The problem is there really isn’t any way to fix the root problem – users. Users generally don’t pay very close attention to what they’re doing and they don’t read things that appear on their screen carefully or critically. Users are usually not interested enough in the nitty gritty details of these kinds of confidence scams or their eyes glaze over at any kind of technical jargon. They see an error message and their minds turn off and they don’t notice mis-spellings or grammatical mistakes that might make the ruse more obvious.

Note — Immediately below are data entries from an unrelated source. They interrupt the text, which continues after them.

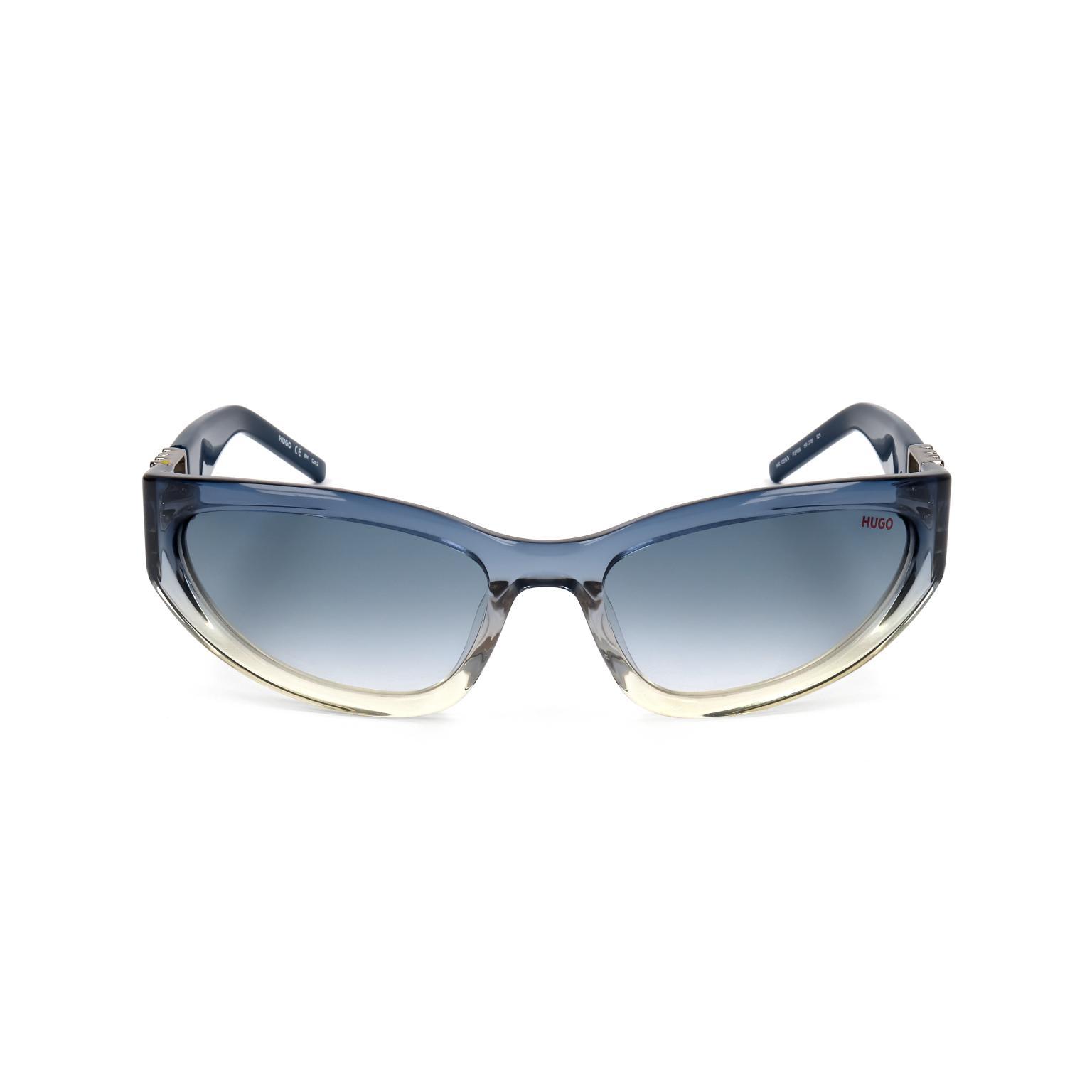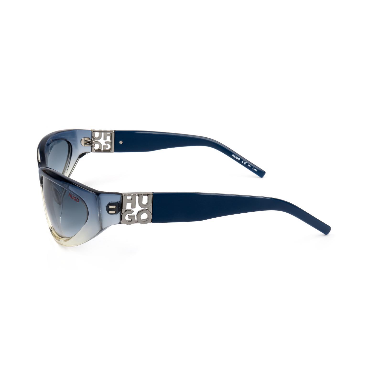 These HUGO men's sunglasses offer a striking and refined silhouette, designed with a prominent frame that commands attention. The angular lines across the brow and the sweeping curve along the lower edge provide a distinctive profile, enhanced by the gradient effect visible within the frame material itself. Substantial temples add to the eyewear's assertive presence, promising a secure fit.Constructed from high-quality acetate, these sunglasses boast both resilience and a pleasant feel against the skin. The acetate ensures a lightweight yet sturdy build, offering comfortable wear and a luxurious sheen that underlines the superior craftsmanship. This material also provides exceptional dimensional stability, making it a robust choice for daily use.
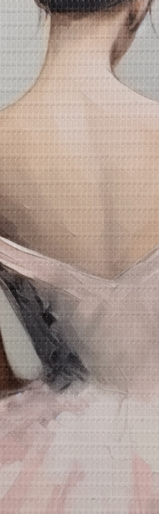 Drobny splot nici na tym płótnie przypomina powierzchnię profesjonalnych płócien artystycznych.
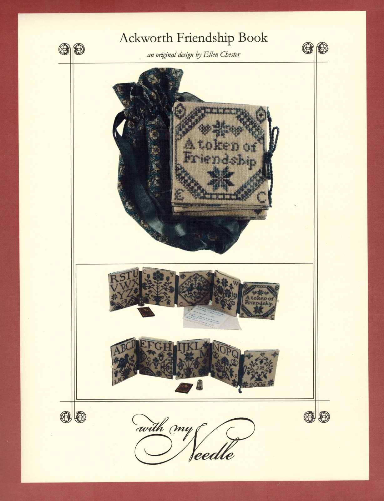 Ackworth Friendship Book cross stitch pattern. With My Needle 2006. Stitch count per page or cover: 61W x 65H. Stitch size per page or cover: 3 3/8"W x 3 5/8"H. Estate find. Like new in package.
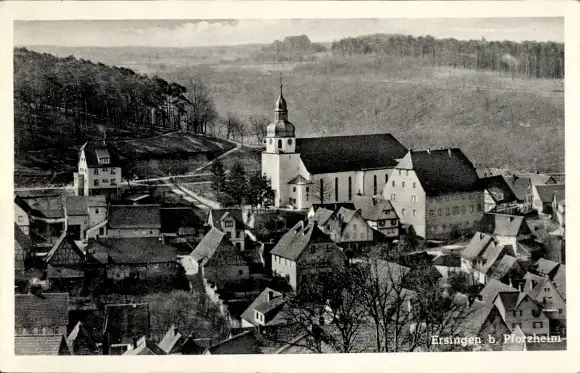 Ak Ersingen Kämpfelbach in Baden, Teilansicht, Kirche

Somehow Bob had managed to install an Add-on or extension to Chrome. Not sure when this occurred, or how, but it hobbles the browser. The extension removes some vital toolbars, limits which sites can be visited (blocking search engine sites you might use to figure out that its a scam for instance) and redirects the user to their own site to increase their page-views (which sites like Google and Yahoo happily pay them for). Most devastatingly to Bob it threw up a fake error page which was good enough to sucker him into calling them which eventually led to him giving them his credit card number and following their instructions to grant them access to the machine.

In this case, the spelling and grammar used in the ruse was pretty good but there were still some tell-tale items to suggest that something nefarious was going on.

  • The URL for the tab he was looking at was clearly not a Microsoft.com URL even though the message claims they are Microsoft technicians.
  • Microsoft will not tell you to call them – good luck getting a human at any of these big companies anymore! The last thing they want you to do is call them, and if you do you will invariably be routed to India or the Philippines.
  • The Error message appeared in a browser window – typically big ugly errors like this take up the whole screen – you wouldn’t be able to minimize Chrome or see other parts of your desktop like the taskbar or the clock.
  • If you could google up the phone number on your phone or another machine quick you’d see the first whole page of hits for that number are about spammers and scammers that tried to call from that number.
  • Googling BSOD: dllRegisterSetting which are the biggest words on the screen results in several links for removing the malware or virus by that name (the least helpful is the actual Microsoft result). Most of these helpful guides assume that you have not been stupid enough to actually fall for the ruse and call the number of course.

I thought I had done a good job educating everyone about how to identify these kinds of scams but clearly I have some more work to do.